Directions => In the entries below, which lines run from the one containing "Koersverloop AB InBev" to the one containing "以色列足协援用横幅中的笔墨写"? Copy exactly those lines, ends included, and no others.
:: Material for the task ::
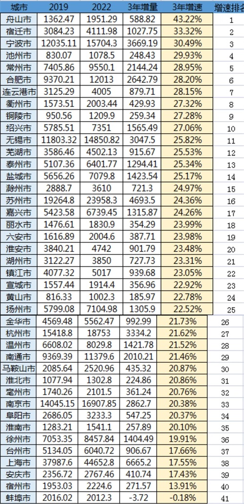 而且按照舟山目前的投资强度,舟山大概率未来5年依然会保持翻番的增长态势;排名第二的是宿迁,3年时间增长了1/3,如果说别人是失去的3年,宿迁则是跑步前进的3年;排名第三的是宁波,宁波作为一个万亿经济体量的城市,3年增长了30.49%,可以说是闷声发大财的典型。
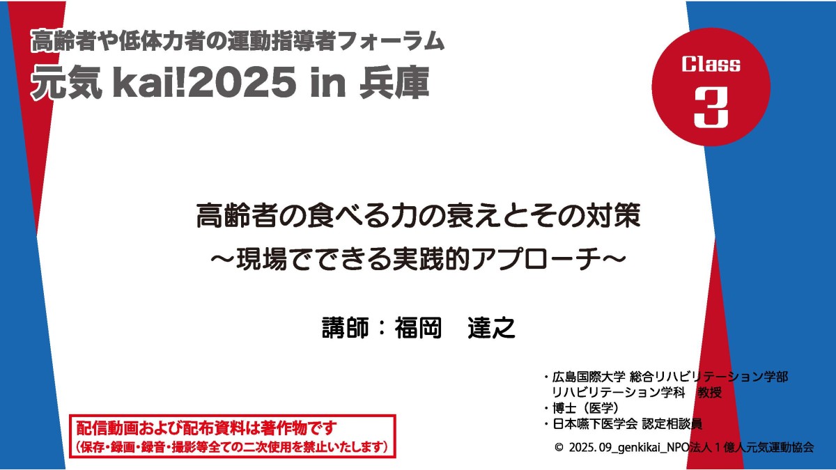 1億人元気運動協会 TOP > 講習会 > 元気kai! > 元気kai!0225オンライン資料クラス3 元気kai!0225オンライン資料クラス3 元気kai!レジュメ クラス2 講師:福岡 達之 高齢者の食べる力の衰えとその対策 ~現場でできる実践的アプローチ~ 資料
:::
:: Material for the task ::
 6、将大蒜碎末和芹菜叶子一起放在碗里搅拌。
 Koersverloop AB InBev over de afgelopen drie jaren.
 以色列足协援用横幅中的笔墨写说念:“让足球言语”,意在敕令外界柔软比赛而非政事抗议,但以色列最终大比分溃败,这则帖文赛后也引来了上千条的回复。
:::
Answer to the problem =>
 Koersverloop AB InBev over de afgelopen drie jaren.
 以色列足协援用横幅中的笔墨写说念:“让足球言语”,意在敕令外界柔软比赛而非政事抗议,但以色列最终大比分溃败,这则帖文赛后也引来了上千条的回复。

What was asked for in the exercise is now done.